WebNN API and WebNN EP are in actively development, you might consider installing the latest nightly build version of ONNX Runtime Web (onnxruntime-web@dev) to benefit from the latest features and improvements.
By default, a model's inputs and outputs are tensors that hold data in CPU memory. When you run a session with WebNN EP with 'gpu' or 'npu' device type, the data is copied to GPU or NPU memory, and the results are copied back to CPU memory. Memory copy between different devices as well as different sessions will bring much overhead to the inference time, WebNN provides a new opaque device-specific storage type MLTensor to address this issue.
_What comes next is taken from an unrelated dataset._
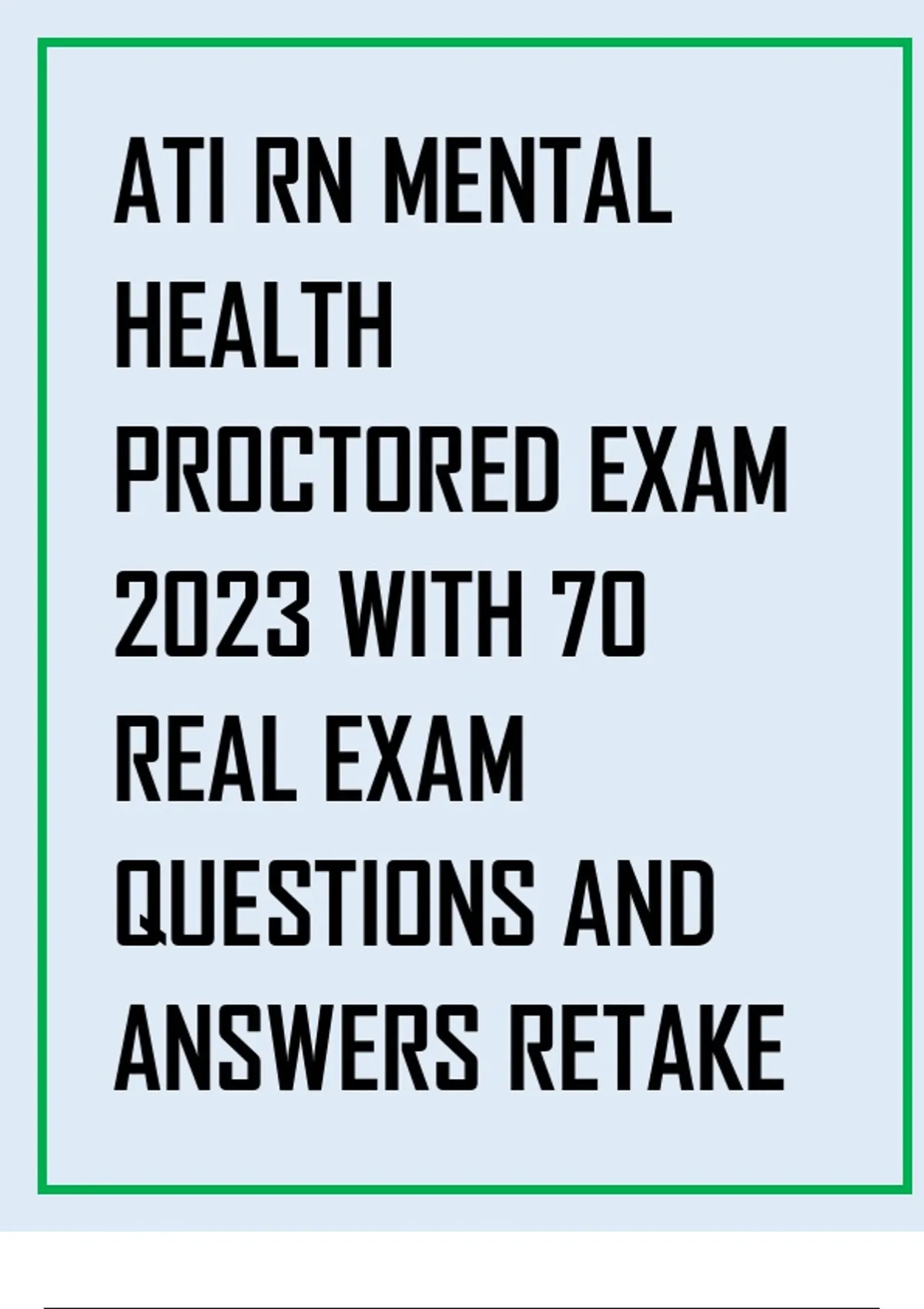 ATI RN MENTAL HEALTH PROCTORED EXAM 2023 WITH 70 REAL EXAM QUESTIONS AND ANSWERS RETAKE

If you get your input data from a MLTensor, or you want to keep the output data on MLTensor for further processing, you can use IO binding to keep the data on MLTensor. This will be especially helpful when running transformer based models, which usually runs a single model multiple times with previous output as the next input.
For model input, if your input data is a WebNN storage MLTensor, you can [create a MLTensor tensor and use it as input tensor](#create-input-tensor-from-a-mltensor).
**Note:** The MLTensor necessitates a shared MLContext for IO binding. This implies that the MLContext should be pre-created as a WebNN EP option and utilized across all sessions.
By specifying the output tensor in the fetches, ONNX Runtime Web will use the pre-allocated MLTensor as the output tensor. If there is a shape mismatch, the `run()` call will fail.
By specifying the config `preferredOutputLocation`, ONNX Runtime Web will keep the output data on the specified device.
See [API reference: preferredOutputLocation](https://onnxruntime.ai/docs/api/js/interfaces/InferenceSession.SessionOptions.html#preferredOutputLocation) for more details.
A MLTensor tensor is created either by user code or by ONNX Runtime Web as model's output.
- When it is created by user code, it is always created with an existing MLTensor using `Tensor.fromMLTensor()`. In this case, the tensor does not "own" the MLTensor.
- It is user's responsibility to make sure the underlying MLTensor is valid during the inference, and call `mlTensor.destroy()` to dispose the MLTensor when it is no longer needed.
- Avoid calling `tensor.getData()` and `tensor.dispose()`. Use the MLTensor tensor directly.
- Using a MLTensor tensor with a destroyed MLTensor will cause the session run to fail.
- When it is created by ONNX Runtime Web as model's output (not a pre-allocated MLTensor tensor), the tensor "owns" the MLTensor.